How do you make a building “smart” when it wasn’t born digital? You start by organizing the “noise” you already have.
1. Migrate and Cleanse
The first step is a digital spring cleaning. Gather your paper manuals, Excel schedules, and maintenance records. Digitizing them is only half the battle; you must rename, tag, and remove duplicates so that the information is actually searchable.
2. Consolidate and Connect
Move your data into a single, secure platform. A “single source of truth” ensures that when a facility manager looks for a valve location or a warranty date, they aren’t looking at an outdated version of a spreadsheet.
3. Build an Asset Information Model (AIM)
Once the data is consolidated, you can build an Intelligent Asset Register. This is a living database that provides context and traceability. It allows you to move from “What happened?” to “What will happen next?”

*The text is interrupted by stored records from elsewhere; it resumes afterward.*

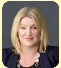
The Hon. Ingrid Stitt MLC Minister for Multicultural Affairs

Congratulations to the African Music and Cultural Festival (AMCF) on another incredible celebration of Africa's vibrant heritage. This festival is a remarkable showcase of multiculturalism in the heart of Melbourne. Through music, dance, food, and cultural performances, AMCF offers Victorians a unique opportunity to experience and connect with the richness of African culture. We are proud to be supporting this festival with $400,000 so that we can foster the values of diversity, unity, and cultural understanding that make Victoria the state it is. Festivals like AMCF are essential in fostering connections across communities, and it is encouraging to see the continued growth and success of this event. Best wishes for a fantastic festival, and thank you to everyone involved in making this celebration a reality.
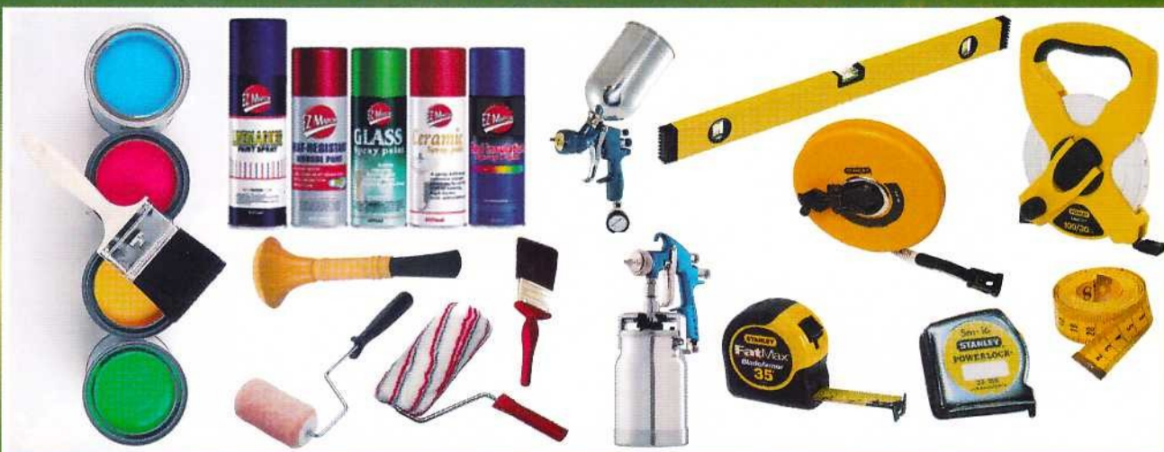
Roller, Brush, Spray Paint, Spray Gun, Thinner & etc... Measuring Tape like 100mtr, 50mtr, 5mtr, 7.5mtr, 10mtr, 3mtr, etc...
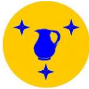
Star of Hroar (Award for Exemplary Contribution to A&S): Or a jug azure encircled by three 4-point mullets azure.
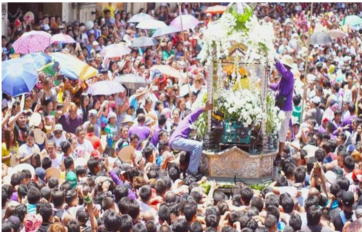
APRIL AND MAY – TURUMBA FESTIVAL PAKIL, LAGUNA
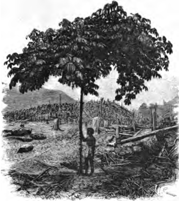
THE CEARA RUBBER TREE.

A specimen of rapid growth in Ceylon (Sembawattie Estate); 17 ft. high, 10 in. in circumference, and only nine months old.
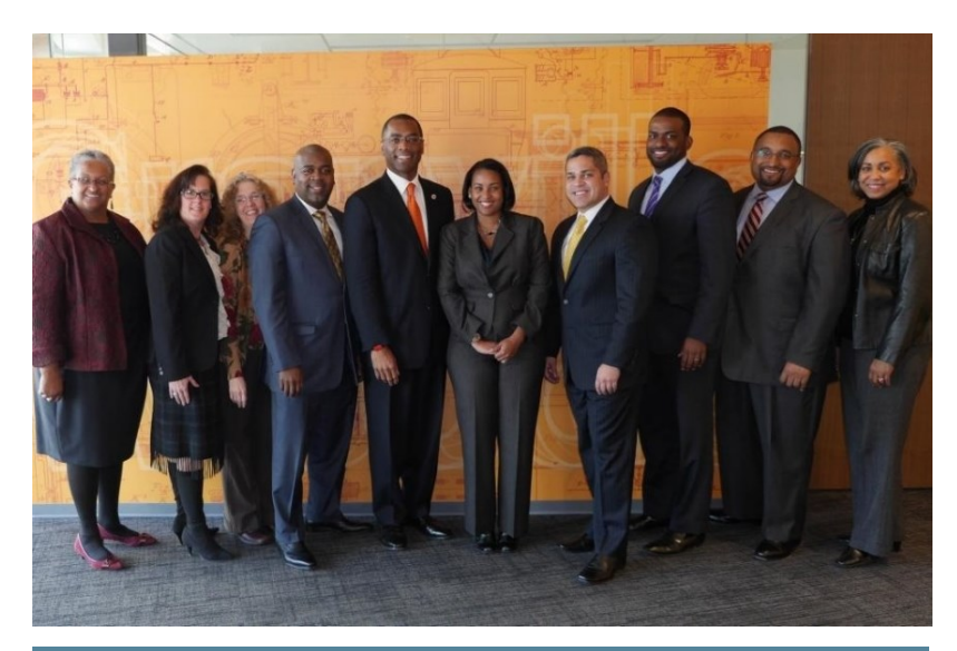
The Newark Funders Group held a forum with four of Newark's mayoral candidates at Panasonic's North American headquarters in Newark, New Jersey.

inauguration, grantmakers convened several times to craft strategies to engage and support the administration. Drawing inspiration from the retreats held in New York City prior to Mayor Bill DiBlasio's election, Newark grantmakers supported Mayor-Elect Baraka by offering to underwrite cross-sector convenings that addressed the Mayor's priorities. The resulting meetings, which included philanthropic leaders, as well as government, nonprofit, education and business stakeholders, culminated in the creation of the Newark Mayoral Transition Briefing . Mayor Baraka embraced the recommendations set forth in this document, and included the publication as an appendix to his official transition report: Blueprint for a New Newark .
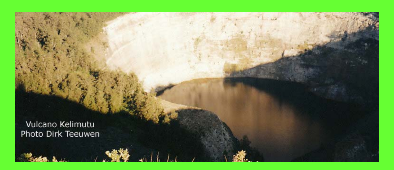
Vulcano Kelimutu, crater
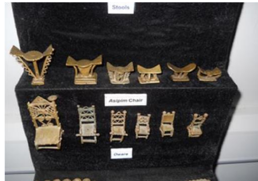
Figure 13: Akan gold-weights exhibited to depict the badge of office of their respective chiefs (their way of life), 2016. Institute of African Studies, University of Ghana, Legon.

whereas the quite larger ones, at times, drowned with decorative textiles like kente fabric are used as decorative pieces both at homes and offices. The gold-weights are used as “abɔsodeɜ” of various shapes with different meanings which is worn by chiefs
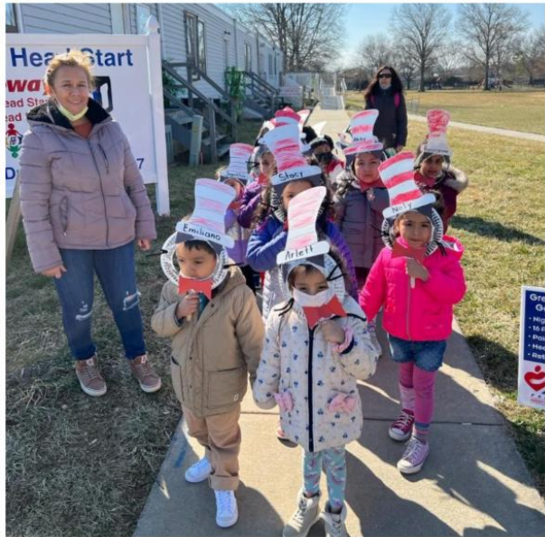
Children and staff from Twin Rivers Head Start marched in a "Crazy Day" parade sporting the "Cat in The Hat" accessories they made in the classroom. The parade took place as a celebration for Dr. Seuss' birthday and Read Across America week.
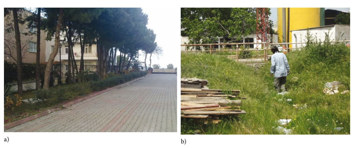
Figure 2. A general view of the habitats from (a) Atakum (Samsun) and (b) Gelibolu (Çanakkale), where the specimens of Podarcis siculus were found.
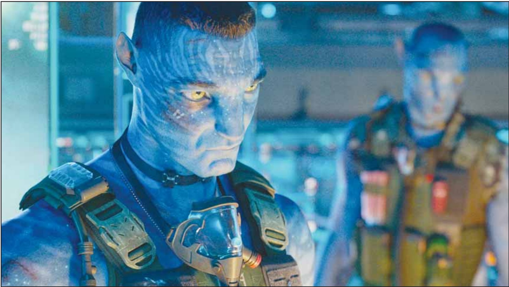
This image released by 20th Century Studios shows Quaritch, performed by Stephen Lang, in a scene from ‘Avatar: Fire and Ash.’

Film launches with $88m domestically, $345m worldwide
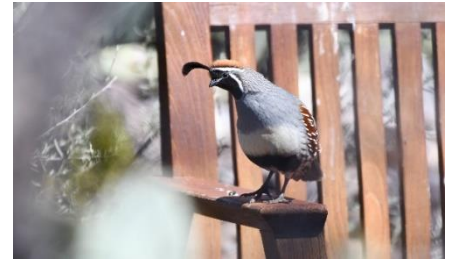
6 Gambel Quail
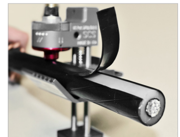
Simply pull the tool along the full cable length to perform longitudinal cuts.
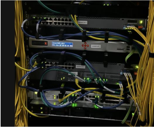
Management Network / OOB
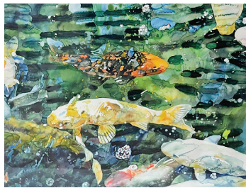
Joseph Raffael Watercolor 30" x 40"
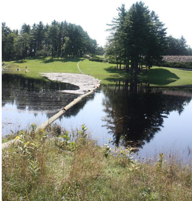
Exhibit 4: View of the Work Area and Debris Looking East Across the River Channel.

FLOOD DEBRIS CLEARING AND REMOVAL U.S. ARMY CORPS OF ENGINEERS BARRE FALLS DAM
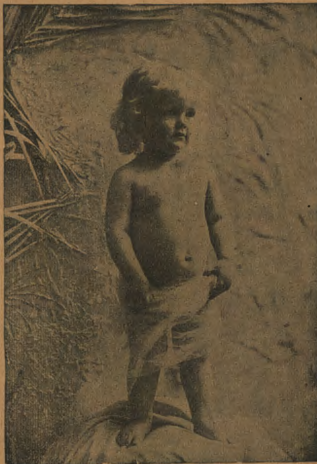
GROWN IN IMPERIAL VALLEY
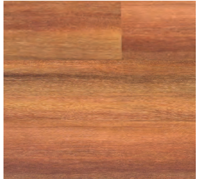
Red Gum ES102

Standard Plank: 1215 x 194 x 8mm Box: 10 planks = 2.3571m<sup>2</sup> Weight per Box: 16.5kg M<sup>2</sup> per Pallet: 141.426m<sup>2</sup>

Pro Tip: You don’t need BIM for visual context. Point Cloud scans or 360-degree photo tours provide excellent spatial context for maintenance teams at a fraction of the cost of a full BIM model.
This pragmatic approach doesn’t ignore BIM; it simply reorders the priority. By building a foundation of structured data first, you can adopt BIM standards gradually. When the time comes for a major refurbishment or a system upgrade, you aren’t starting from scratch—you are simply plugging your rich, existing data into a new framework.
Smarter doesn’t have to mean newer. Legacy buildings have an enormous amount of untapped value hidden within their existing documentation. By focusing on a pragmatic data strategy rather than an “all-or-nothing” digital twin, estate managers can unlock proactive operations, meet sustainability goals, and bridge the gap between project delivery and long-term value.